Look how long it took for Intel to add hardware so stack pages could be
marked as not executable -- a feature only in the mass market with the
recent Core 2 chips.

The problem isn't that microprocessors don't implement the same features
as mainframe processors, they pretty much do for the register-based
mainframe architectures (eg, IBM but not Burroughs). It's that microprocessors
face a new set of risks and it's no longer possible to just follow the
taillights of previous mainframe designs.

For example, some helper instructions to allow programs to cheaply set
up sandboxes for p-code would help Java run a lot faster.

> I doubt if an animated cursor description is ever interpreted by the OS
> kernel even in Windows, but it probably is interpreted by components of
> the display manager and that is privileged because it needs to take
> advantage of display performance enhancements which the OS provides only
> to privileged tasks.

The reverse isn't much better either.

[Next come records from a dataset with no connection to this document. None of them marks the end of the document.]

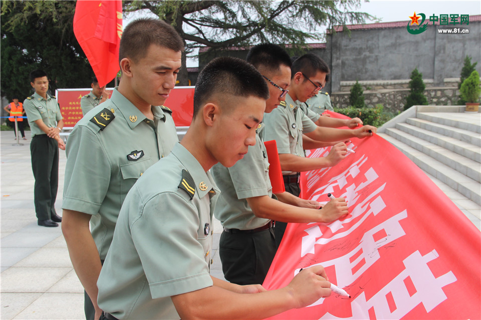 最后,官兵们在“缅怀革命先烈,传承红色基因”的横幅上进行了集体签名,在纪念碑面前进行了合影留念。
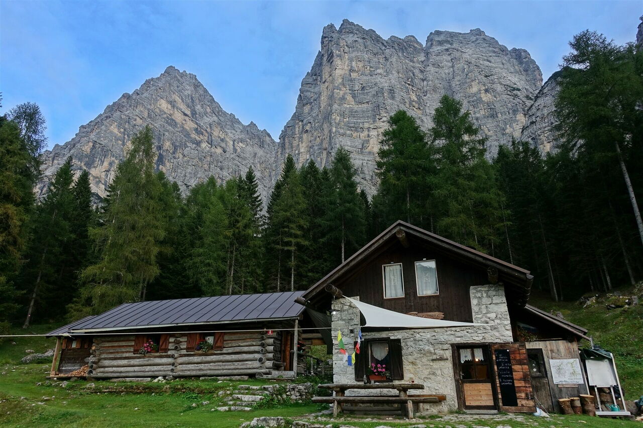 Wir gehen in nordöstlicher Richtung um das 01 Rifugio Bosconero (1.457 m) herum, um dann in östlicher Richtung auf dem Wanderweg 490 durch den Wald aufzusteigen. Bereits im Reich der Latschenkiefern angekommen gabelt sich der Pfad. Beide Wege sind zielführend und verlaufen unterhalb der extrem steil aufragenden Nordwand des 2.404 m hohen Rocchetta Alta. Kurz vor der Scharte führen beide Pfadspuren wieder zusammen. Dort quert auch der Wanderweg 482 und wir beginnen mit dem steilen Aufstieg durch ein nicht enden wollendes Geröllfeld.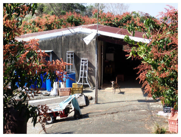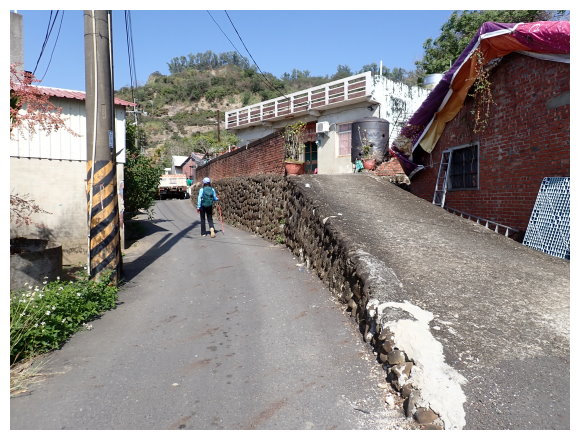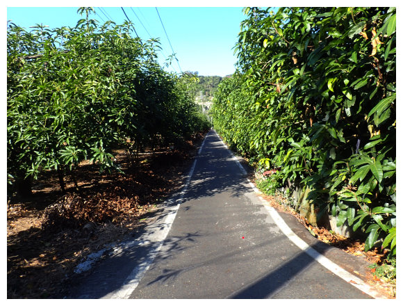 09:30 步行取左進入村落住宅區。3分鐘抵三叉路口取左小行3公尺即取右走一車寬度的芒果林產業道路(三叉路口左側民宅偶遇賣超大的棗子/玉井區中正114-2號民宅)。

Linux runs the display in user
space but this means exporting a lot of control over the PCI/AGP bus. So
anything that subverts the graphics driver can DoS the computer's PCI-like
buses.

> In fact, it's probably easier to launch your attacks against privileged
> non-kernel tasks

Or even non-privileged tasks. Often the goal of penetrating the system
is simply to generate network traffic or to send spam e-mail and you
don't need much access to do either of those.